In the astronomical stir at the turn of the century, Mars had become the birthplace of science fiction. And science fiction would return often. Flash Gordon fought Queen Azura and her nitrogen-stealing ray in 1938, while Ray Bradbury, Arthur C. Clarke, and Robert Heinlein have used Mars as a backdrop for stories on human colonization of space.

"Mars is home for science fiction," says Zubrin, who has written his own science-fiction book about the first mission to Mars, called "First Landing."

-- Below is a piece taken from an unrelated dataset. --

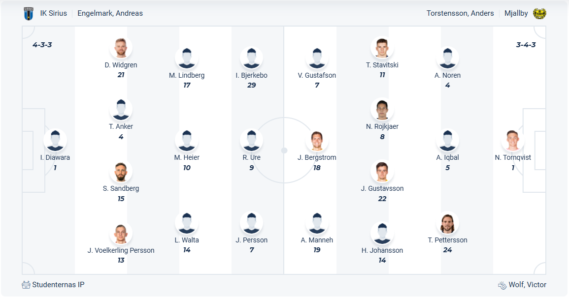 Sirius không phải đội bóng mạnh của giải Thụy Điển, họ chỉ đứng thứ 9 mùa giải trước. Mùa giải năm nay đội bóng của HLV Andreas Engelmark còn đang chơi tệ hơn thế, họ đứng thứ 13 và chỉ hơn 2 đội xuống hạng 1 điểm. Đội bóng này có thể tụt xuống vị trí phải xuống hạng bất cứ lúc nào nếu không thể giành chiến thắng ở vòng đấu tới. Vậy nên các cầu thủ Sirius rất quyết tâm có 3 điểm ở vòng đấu thứ 15 này, tuy nhiên đối thủ của họ lại là đội bóng đầu bảng Mjallby nên xem ra cơ hội có điểm không cao. Nhiều khả năng Sirius sẽ phải nhận thêm một trận thua nữa.

Recent years, however, have called for a shift in the story line, witnessed in books like Zubrin's, as well as films such as "Red Planet" and "Mission to Mars." Just as clearly as Lowell marked the creation of a Mars myth, the voyage of Mariner 4 in 1965 marked the beginning of a Mars enigma.

A treasure trove

Mariner 4 and later missions caught no glimpses of primitive vegetation, much less Barsoomian princesses. But if they ruled out green men and death rays, they made Mars a trove of secrets - about the origins of organic life and about its own past.

Intricate channels and broad swirling patterns in various regions of Mars suggest that, at some time millions - if not billions - of years ago, huge quantities of water coursed over the Martian landscape, perhaps creating conditions for life.

The problem is, satellite analysis of the rocks in those areas seems to show no minerals that would be associated with wet conditions. Elsewhere, those minerals exist, but the landscape shows no signs of water erosion.

Into this confusion come rovers Spirit and Opportunity, which is scheduled to arrive Jan. 24. Perhaps they would have been more aptly named Marple and Poirot, for their primary task is to snoop in the soil and begin to solve this Martian paradox.

Opportunity is targeted to land in an area rich in hematite, a mineral formed with water. Spirit, meanwhile, is preparing for its jaunt around the Gusev Crater, which appears to be in an alluvial basin at the end of a long channel running out of the southern highlands.

"The current Mars is a dry desert," says Michael Carr, an astrogeologist with the United States Geological Survey in Menlo Park, Calif. "In the past, though it was very different, and unraveling that mystery is what is so interesting."